ノルバスク服用と抑肝散の高血圧や40代以上への効果

高血圧症は収縮期血圧140mmHG以上、または拡張期血圧90mmHg以上の状態をいいます。この高血圧状態は、遺伝的な要因、ホルモン異常、塩分過多や肥満などの生活習慣が原因となって起こります。特に40代以降、つまり中年以上の方が発症する高血圧症では生活習慣が原因となって起こる場合が多いので、治療においては、食事療法や運動療法といった生活習慣の改善が行われますが、高血圧治療の中心となるのはやはり降圧剤を使用した薬物療法です。
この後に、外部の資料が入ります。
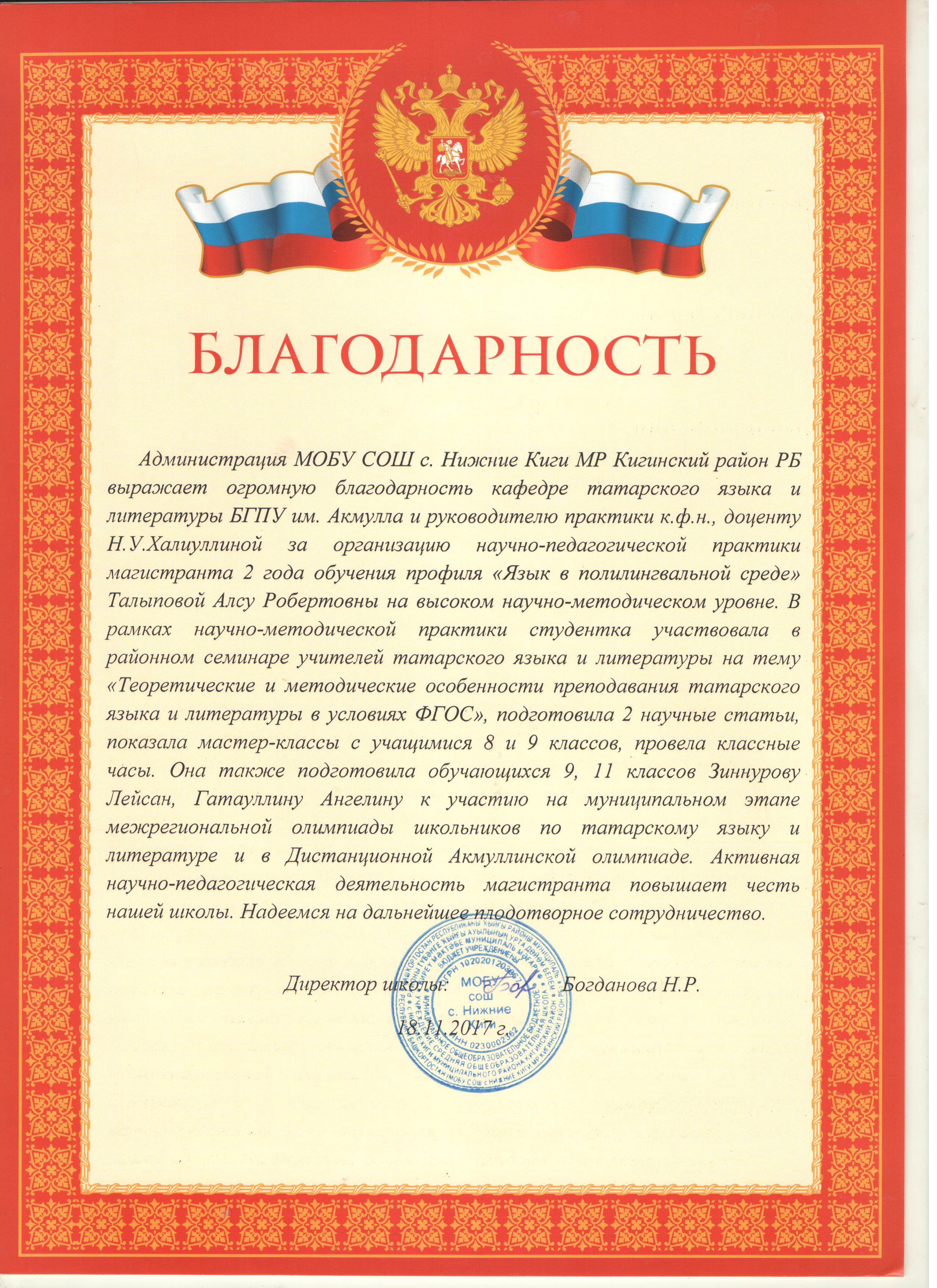 1 декабря 2017 года состоялась отчетная конференция по научно-педагогической практике магистрантов ОДО и ОЗО 2 года обучения  Института филологического образования и межкультурных коммуникаций по направлению подготовки 44.04.01 Педагогическое образование (уровень магистратуры), направленность (профиль) «Язык в полилингвальной среде» ОДО и ОЗО. Базой для прохождения практики стала кафедра татарского языка и литературы ФГБОУ ВО БГПУ им. М.Акмуллы» и ФГБОУ ВО кафедра татарского языка и литературы БГПУ им. М.Акмуллы, МОБУ СОШ с. Нижние Киги МР Кигинский район РБ. Практикантами проведена научно-исследовательская работа по теме магистерской диссертации, подготовлены и проведены открытые лекции по дисциплинам “Современный татарский литературный язык”, “История родного языка”, “Филологический анализ художественного текста” со студентами направления “Педагогическое образование” профиль “Родной (татарский) язык и литература; профиль по выбору; разработаны ФОС (тесты, презентации, кейсы), также они участвовали в подготовке и организации мероприятий, организованных кафедрой татарского языка и литературы. Магистранты приобрели большой опыт научно-педагогической деятельности.

その降圧剤の代表格がノルバスクです。ノルバスクはアダラート、カルブロックなどと同じカルシウム拮抗剤に分類される降圧剤です。血管平滑筋にあるCaチャネルの機能を妨害することによって血管を拡張させ、血圧を低下させます。
このノルバスクと抑肝散との併用に関してですが、まず抑肝散は不眠症や神経症に対して使用される漢方薬です。抑肝散によって実は高血圧が起こることがあります。これは抑肝散に含まれるカンゾウという生薬の成分グリチルリチンが偽アルドステロン症を引き起こし、循環血液量が増加し、血圧が上がってしまうため起こります。この場合の高血圧に対してノルバスクは使用できます。ただし偽アルドステロン症に対して効果的に使用できるのはARBやACE阻害薬です。
40代以上の方の高血圧症治療で重要となるのは他の基礎疾患も治療することです。前述の通り、40代以上で高血圧症を発症する場合には生活習慣が影響していることが多く、糖尿病、脂質異常症といった他の生活習慣病も起こっていることが多いです。これらの治療も併せて行うことで動脈硬化の進行をより抑えることができるので、生命予後の改善が期待できます。